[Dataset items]
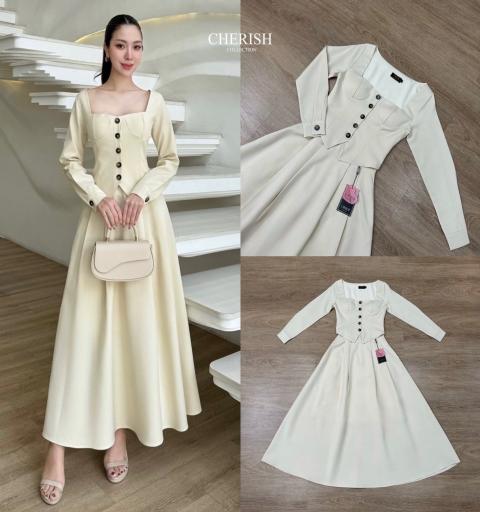 𝘿𝙚𝙩𝙖𝙞𝙡𝙨 :: ชุดเซ็ทคุณหนู ด้วยชุดนี้เลยค่ะ ตัวเสื้อแขนยาวคอเหลียมตกแตกกระดุมหน้ามาพร้อมฟองน้ำอย่างดีและตัวกระโปรงบานเอวสูงใส่แล้วดูบาร์บี้สุดๆ จะใส่ไปคาเฟ่วินเทจหรือใส่ไปดินเนอร์ก็ได้เลยนะค่า🌸
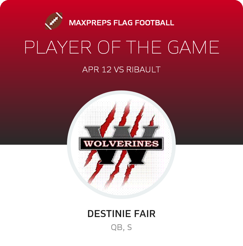 Congratulations to #2 Destinie Fair for being selected the Westside Girls Flag Football Player of the Game.
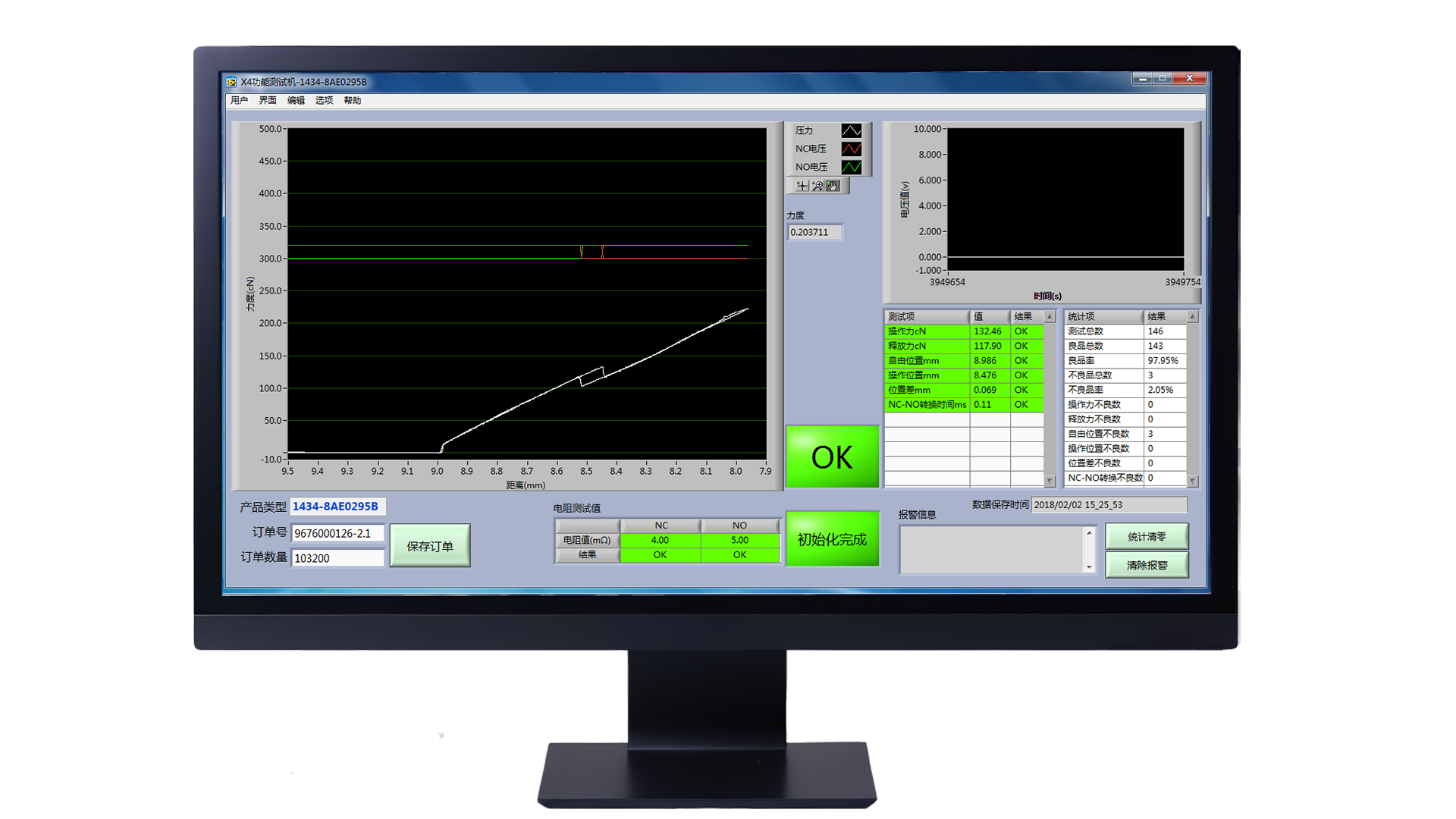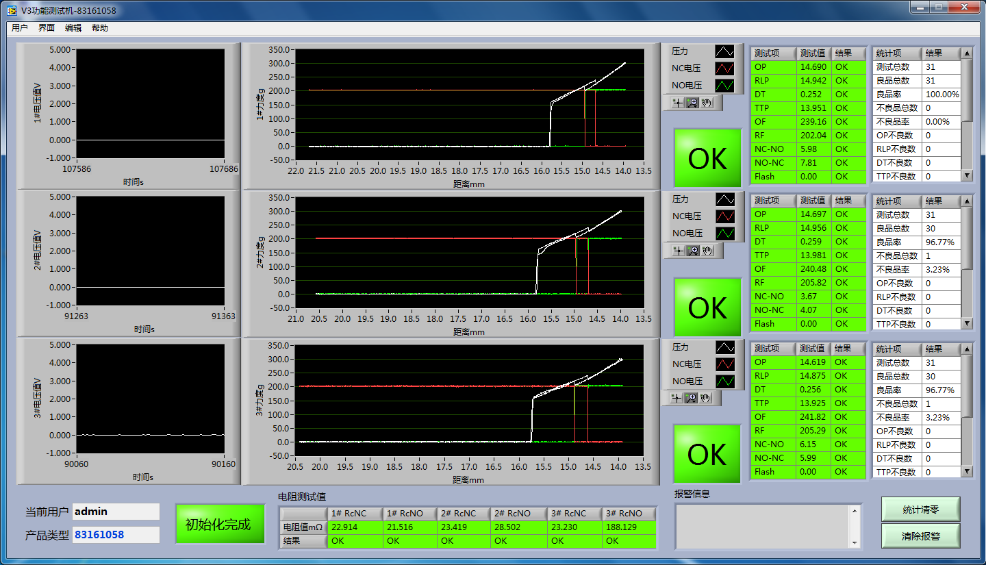 微动开关功能测试软件是专门针对微动开关自动组装生产线上成品电性能测试开发的。由工控机,运动控制卡、压力传感器、NI模拟采集卡和专门的性能测试软件组成。主要测试微动开关的触发点位置(OP),释放点位置(RLP),差值(DT),操作力(OF),释放力(RF),NC-NO转换时间等性能参数,保证产品的质量,避免不良品流到客户手中。
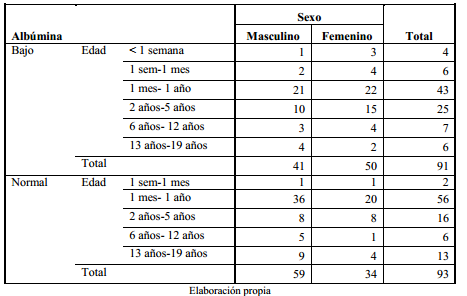 En la Tabla 1 se muestra la distribución de los pacientes según grupo de edades, sexo y nivel de albúmina. En la misma se puede apreciar que el mayor número de pacientes se concentra en el intervalo de un mes a un año con comportamiento similar en ambos sexos, con un total de 99 pacientes lo que representa un 53.8%. La cantidad de pacientes según los niveles de albúmina son similares por lo que estamos en presencia de la una base de casos balanceada.
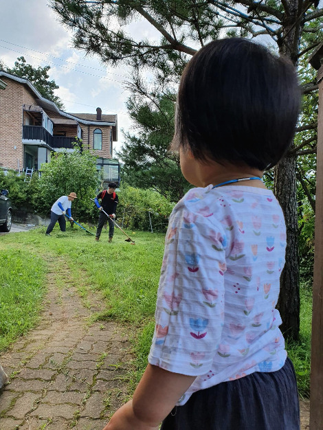 함께 사는 남동생이 어느 날 식탁에서 나지막이 이야기했다. 이등병 때 이후로 이렇게 열심히 살아본 적이 없다고. 그도 그럴 것이 전원생활은 어서 일어나라고 보채는 일들 뿐이다. 이때까지 나는 풀들의 무서운 생장력을 알지 못했다. 비가 한번 오고 나면 그들이 얼마나 더 빨리 자라는지. 거미는 꼭 폐교나 폐가에만 집을 짓는 게 아니란 것도. 장마철 습기를 머금은 나무 문들은 빵빵하게 부풀어 제대로 닫히지 않는다는 것도 여짓 모르고 살았다. 그러니 잔디를 깎고, 씨앗을 뿌린 적 없는 버섯을 뽑고, 거미로부터 영역을 침범당하지 않으려면 일어나야만 하는 것이다. 자연스레 힘쓰는 요령이 없고, 엉덩이도 무거운 나 같은 사람은 이곳에서 잉여가 된다. 엄마는 암환자라는 방패라도 있지, 나는 애 본다는 핑계마저 없었으면 정말 큰일 날 뻔했다.
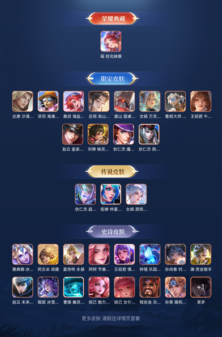 装备描述:瑶典藏,朵利亚传说皮,镜、耀、公孙离、王昭君FMVP,女娲蛇年
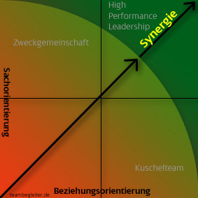 Nur wenn beide Dimensionen hoch ausgeprägt sind, kann Synergie im Team entstehen. Synergie ist er einzig wirtschaftliche Grund für Teamarbeit: Wenn die Teamarbeit das Ergebnis verbessert, als in Einzelarbeit. | |
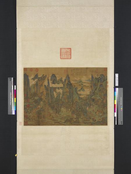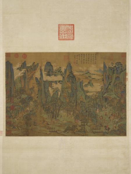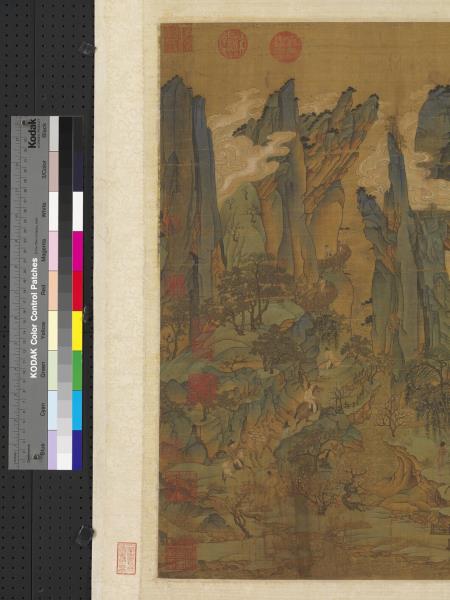 Description In the art catalogue of the Ch'ing dynasty court collection, this work was originally labeled as “Traveling through a Mountain Pass” by an anonymous Sung artist. However, based on such Sung materials as Su Shih's Colophons of Tung-p'o, scholars changed it to the present title and suggested that the subject actually represents the story of the T'ang emperor Hsuan-tsung (Ming-huang) fleeing to Szechwan from the An Lu-shan rebellion. The blue-and-green coloring of the mountains here and the precipitous forms of the peaks indeed derive from those in T'ang dynasty works. However, the refined and opulent application of washes and the precise use of lines are features that refer instead to this being a copy perhaps done in the 11th or 12th century. The mountain structure here is actually similar to the landscape in the woodblock print Illustrated Palace Tripitaka done in the late 10th century. According to texts, the style associated with Szechwan in the early Sung was mostly like this and had been mistakenly regarded as the work of the T'ang master Li Ssu-hsun. Whether this painting belongs to this manner, however, remains to be determined. Nonetheless, it represents the Northern Sung continuity of classical traditions and is quite important.(20061206)
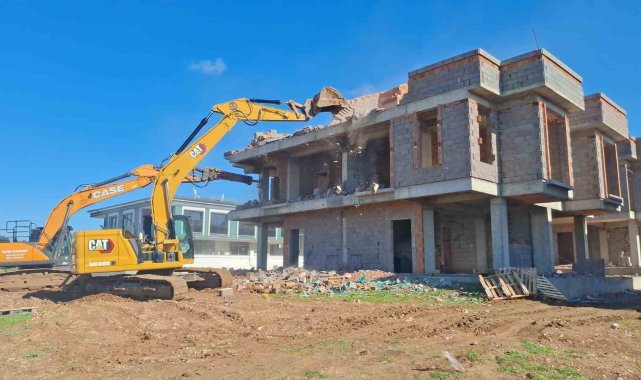 Didim Belediyesi ilçe genelinde kaçak ve imalata aykırı yerlerin yıkımını sürdürüyor. Hisar Mahallesi 1043 ada 4 parsel üzerinde özel bir firmanın sürdürdüğü inşaatta yıkım çalışması gerçekleştirdi. Teknik hata sebebiyle bir kısmı başka arazi üzerine yapılan ve kayma olan 8 blok 32 bağımsız bölümden oluşan sitenin yıkım işlemini Belediye Başkanı Hatice Gençay, Başkan yardımcıları Aydan Aşık Turgut ve Kaan Topçuoğulları, inşaat firması sahibi Hasan Günay ve teknik personel katıldı.
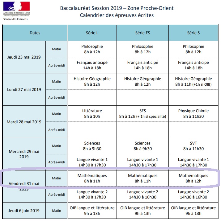Calendrier bac francais 2019 liban. Sachez que le planning des épreuves du bac 2020 est enfin connu. Calendrier des examens officiels libanais calendrier des épreuves écrites diplome national du brevet dnb session juin 2020 calendrier des épreuves écrites baccalauréat français session 2020. Avec 91 5 d admis le taux de réussite explose tous les records épreuves calendrier coefficients. Listes des manuels scolaires et fournitures 2020 2021.
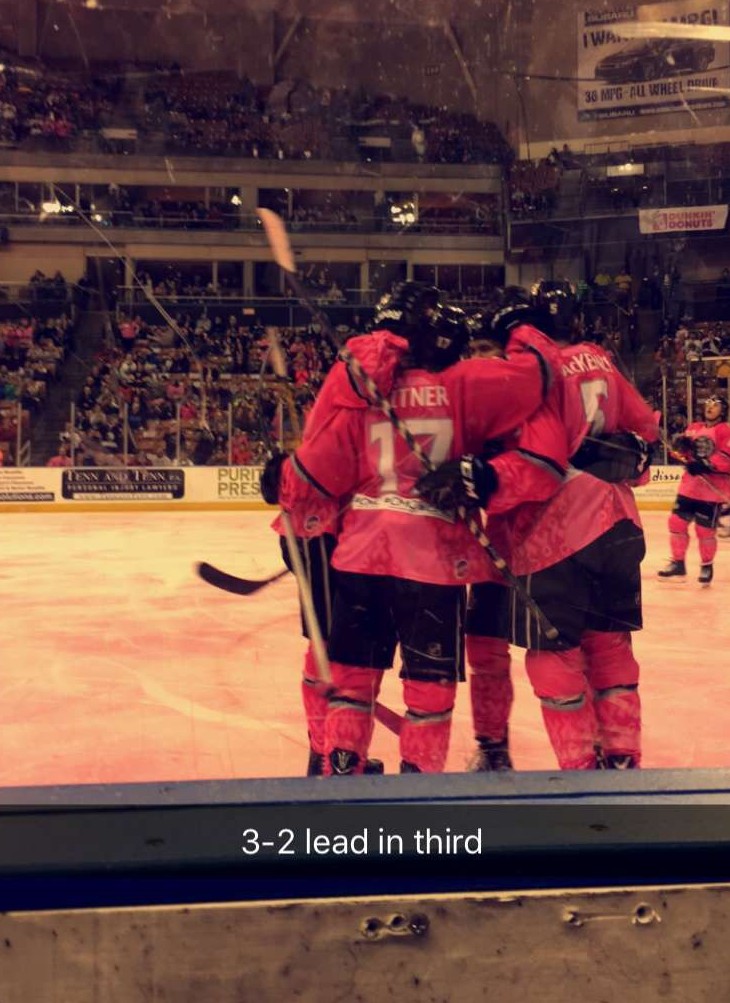 MANCHESTER, NH โ Last weekend’sย game at The Verizon between the Elmira Jackals and Manchester Monarchs brought a heartfelt presence. The Monarchs had the crowd at their backs with a 4-2 win. On behalf of the atmosphere, however it was the most alive Iโve seen it all year, and the annual Breast Cancer Awareness night showed it with each pink strand. The ice was lit up with an attention-grabbing pink.
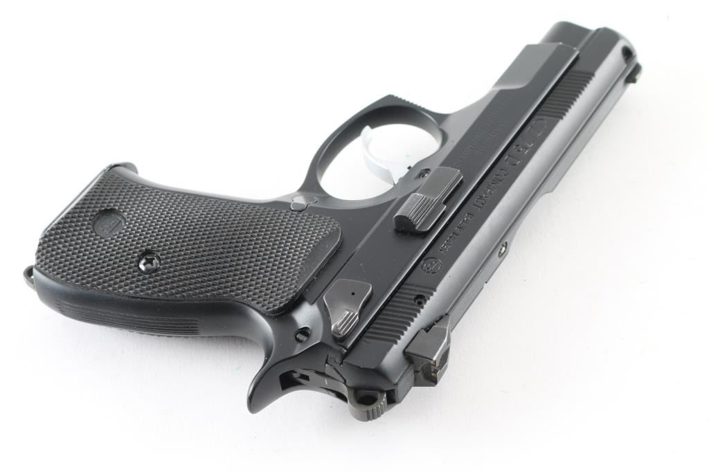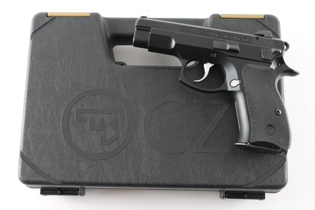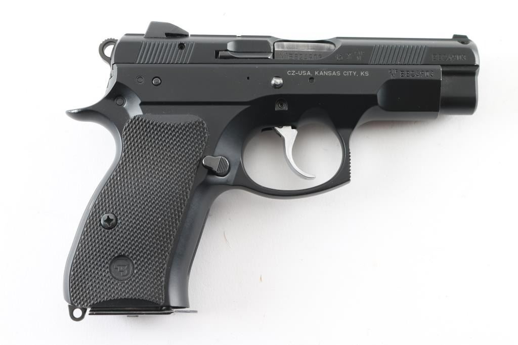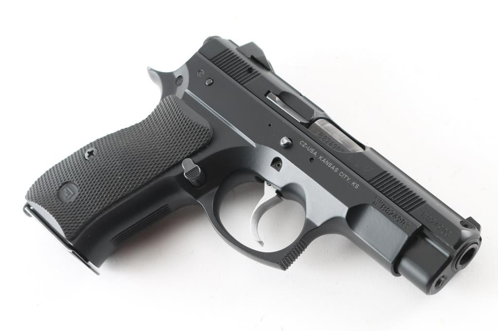 Czech made DA/SA semi-automatic compact pistol chambered in 9x19mm, circa 2015. Imported by CZ-USA of Kansas City, K.S. with import marks on the right side of the frame. Features a matte black Polycoat finish, 3.75" barrel, tritium three-dot sights with drift adjustable rear sight, serrated silver look trigger, serrated round hammer spur, firing pin block safety, thumb decocking lever, loaded chamber indicator, forged aluminum frame, push button magazine release on the right side of the frame, 14 round magazine, and two-piece checkered black rubber grips with CZ insignias. Includes a factory hard case with owners manual and lock. Bore looks great, bright. Metal finish looks great. Grips look great. Overall this gun looks almost new. Condition is NRA Excellent ***Modern Firearm***
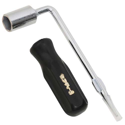 レンチ後部の尖った先で、草刈刃取り付けナット周りのゴミ、土などを取り除けます。 ネジは左ネジ仕様になっています。 |
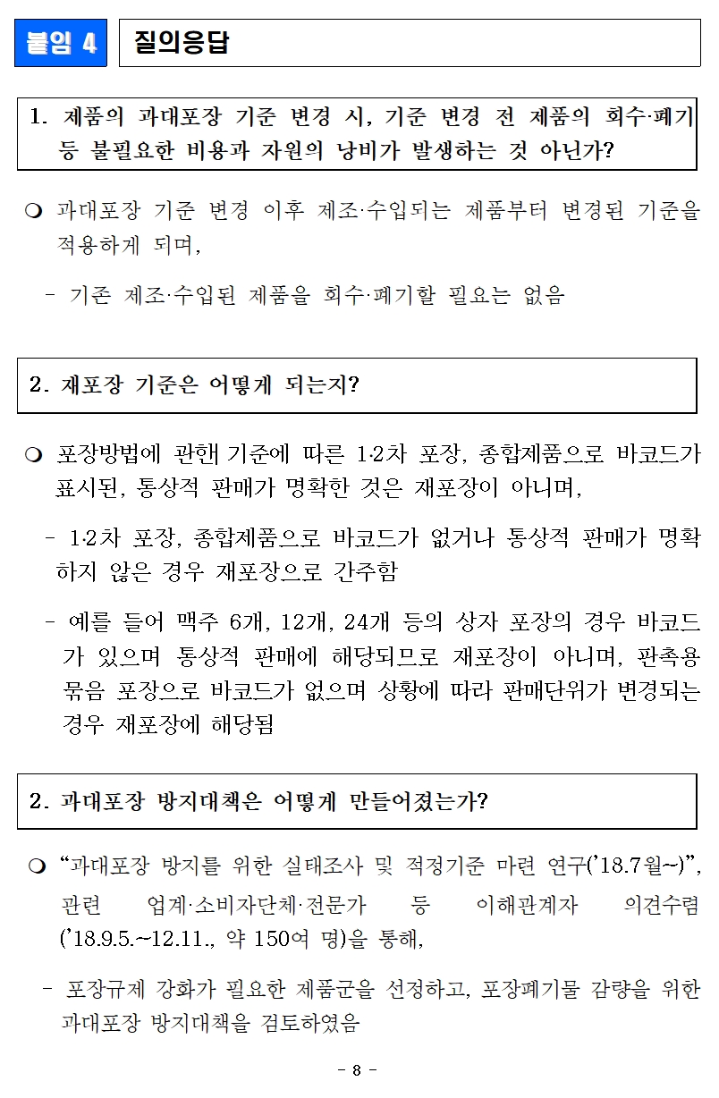 테이프 같은 걸로 묶어 파는 건 문제가 안되는 데 멀티팩이니 해서 한 번 더 포장하는 거 규제하겠다는 건데 무조건 묶어 팔아 할인하면 안되는 것처럼 써놨네요.
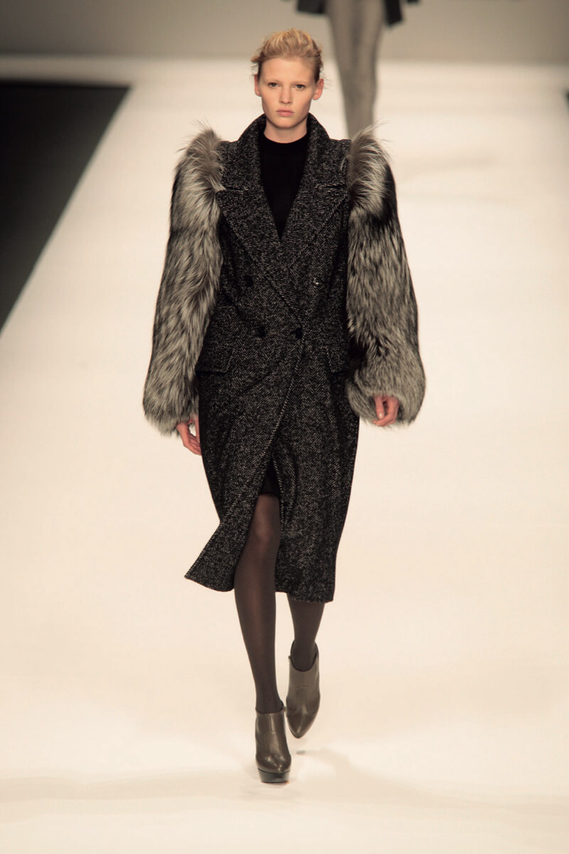 今季的 Max Mara 講求結構性,孖襟大衣、三件頭西裝或半截裙的線條都有力而不 失女性化味道,即使是重 volume 的設計,設計師也運用了筆直的線條來淡化顯胖的問題。不同深淺度的灰色,伴隨着炭黑、銀、淡紫及米白,配合品牌少有的皮草及釘珠細節,構成一組貴氣而實在的設計。

> _Problem statement_
Only the lines from the one containing "테이프 같은 걸로 묶어" through the final line of the records should be retyped, exactly, with every picture omitted.

> _Answer box_
 테이프 같은 걸로 묶어 파는 건 문제가 안되는 데 멀티팩이니 해서 한 번 더 포장하는 거 규제하겠다는 건데 무조건 묶어 팔아 할인하면 안되는 것처럼 써놨네요.
 今季的 Max Mara 講求結構性,孖襟大衣、三件頭西裝或半截裙的線條都有力而不 失女性化味道,即使是重 volume 的設計,設計師也運用了筆直的線條來淡化顯胖的問題。不同深淺度的灰色,伴隨着炭黑、銀、淡紫及米白,配合品牌少有的皮草及釘珠細節,構成一組貴氣而實在的設計。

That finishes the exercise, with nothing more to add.